In traditional households (especially Rajput) only close male relatives of the girl attend the engagement and a sword is presented to the groom. In the past, the bride was not allowed to visit her future husband’s house for the engagement (“Tilak”) ceremony.

 


2] Ganesh Pooja – Ganpati Sthapana (Griha Shanti, Mandap Mahurat)

Ganesh Puja starts off Marwadi, Rajput and Rajasthani weddings. Before starting any new venture Hindus seek the blessings of Lord Ganesha, the Hindu God of Luck and Wisdom and the Remover of Obstacles. A Ganesh idol is installed and worshipped at the bride and groom’s homes.

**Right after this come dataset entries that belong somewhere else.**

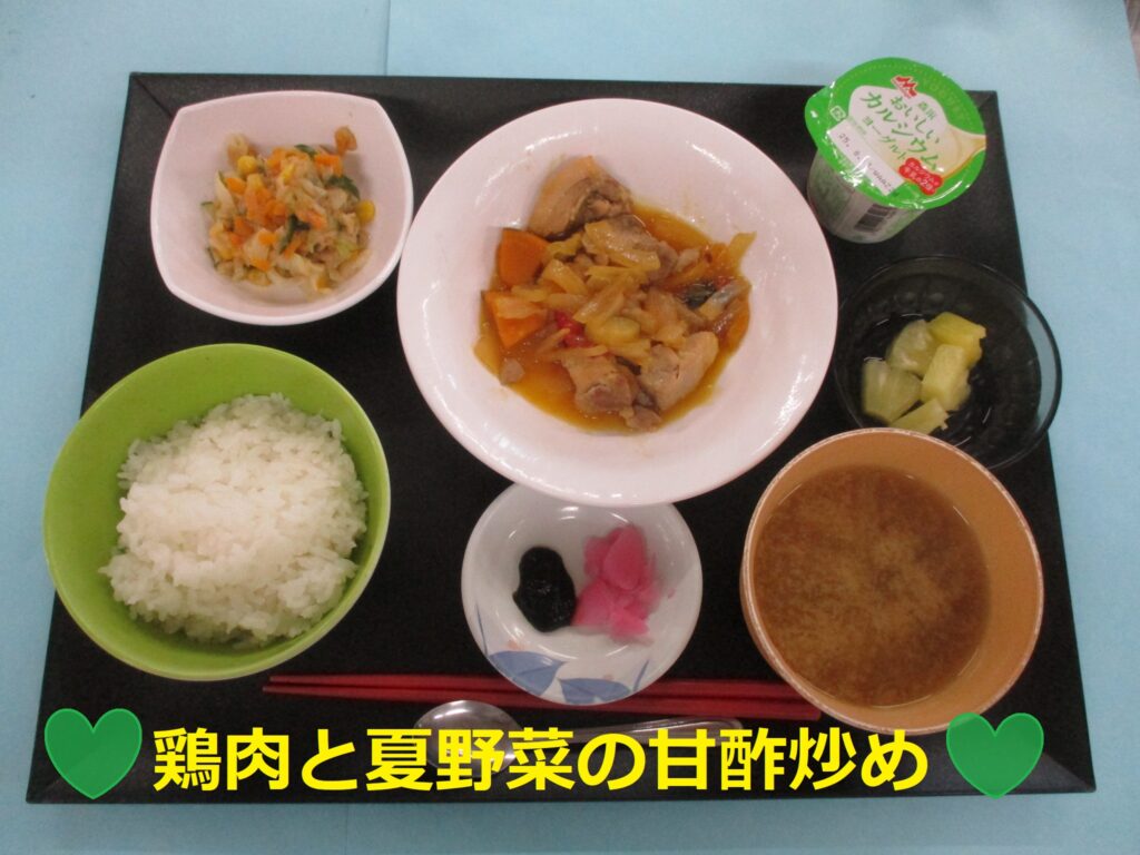 鶏肉と夏野菜の甘酢炒め キャベツの和え物 ご飯 味噌汁 漬物 果物🍒🍒🍒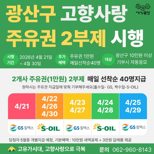 주유권 2부제 행사는 광산구에 10만 원 이상 기부한 기부자를 대상으로 매일 40명에게 선착순으로 주유권 1만 원을 지급한다.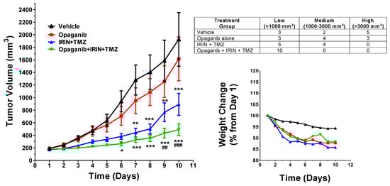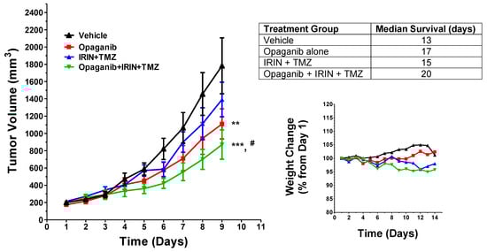 Effects of opaganib in combination with irinotecan and temozolomide on LLC tumor growth. Immunocompetent C57BL/6 mice bearing LLC tumors (n = 7 or 8/group) were treated with the following: vehicle; opaganib; IRIN + TMZ; or a combination of opaganib + IRIN + TMZ. (Left Panel): The average tumor volume of each group is shown for each day, and statistical comparisons on Day 9 are indicated (** p < 0.01 from the vehicle group, *** p < 0.001 from the vehicle group, # p < 0.05 from the IRIN + TMZ group). (Right Panel): The average body weights of mice in each treatment group are shown up to Day 14, completion of 2 full cycles of drug treatments. Table: Individual mice were sacrificed when the tumor volume reached >3000 mm3. The median survival in days is shown for each treatment group.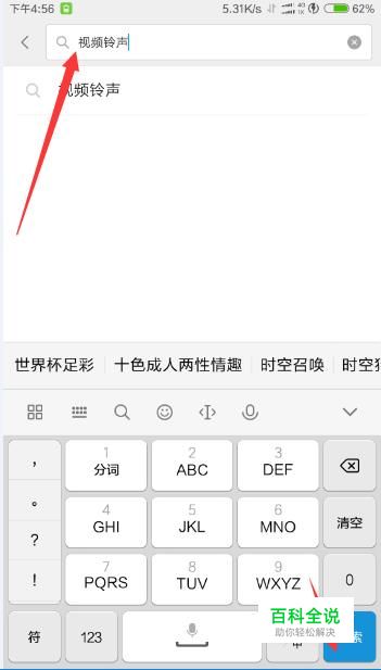 然后在搜索栏输入“视频铃声”,点击搜索。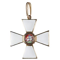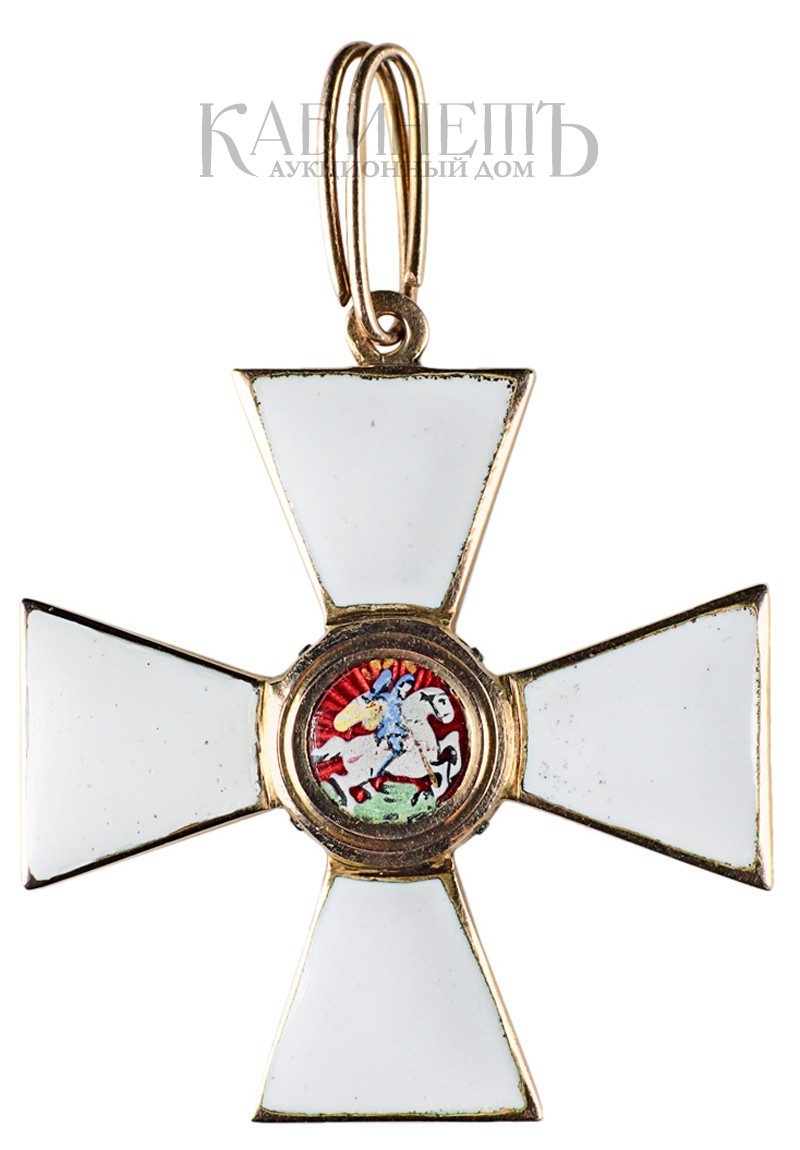 Клейма: на ушке с оборотной стороны – пробирное «56» с женской головкой в кокошнике, повернутой вправо, плохо читаемый именник; на барабане и подвесном кольце — знаки удостоверения. На обороте на верхнем луче частично утрачена эмаль, реставрация эмали левого горизонтального луча с лицевой стороны.

This ceremony is also known as “Naandi”.

 


3] Sangeet or Mehfil – Traditional Marwari Songs and Dance

Marwadi & Rajasthan Dances “Ghumar”, “Kalbelia”, “Teratali” at wedding Sangeet ceremony.

This Rajasthani pre-wedding custom takes place 2-3 days before the wedding. This is a fun event where families of the Marwadi bride and groom get to meet each other in an informal setting. Traditional Marwadi and Rajasthan songs and folks dances are part of the event followed by dinner. In the past only the girl’s family held this event.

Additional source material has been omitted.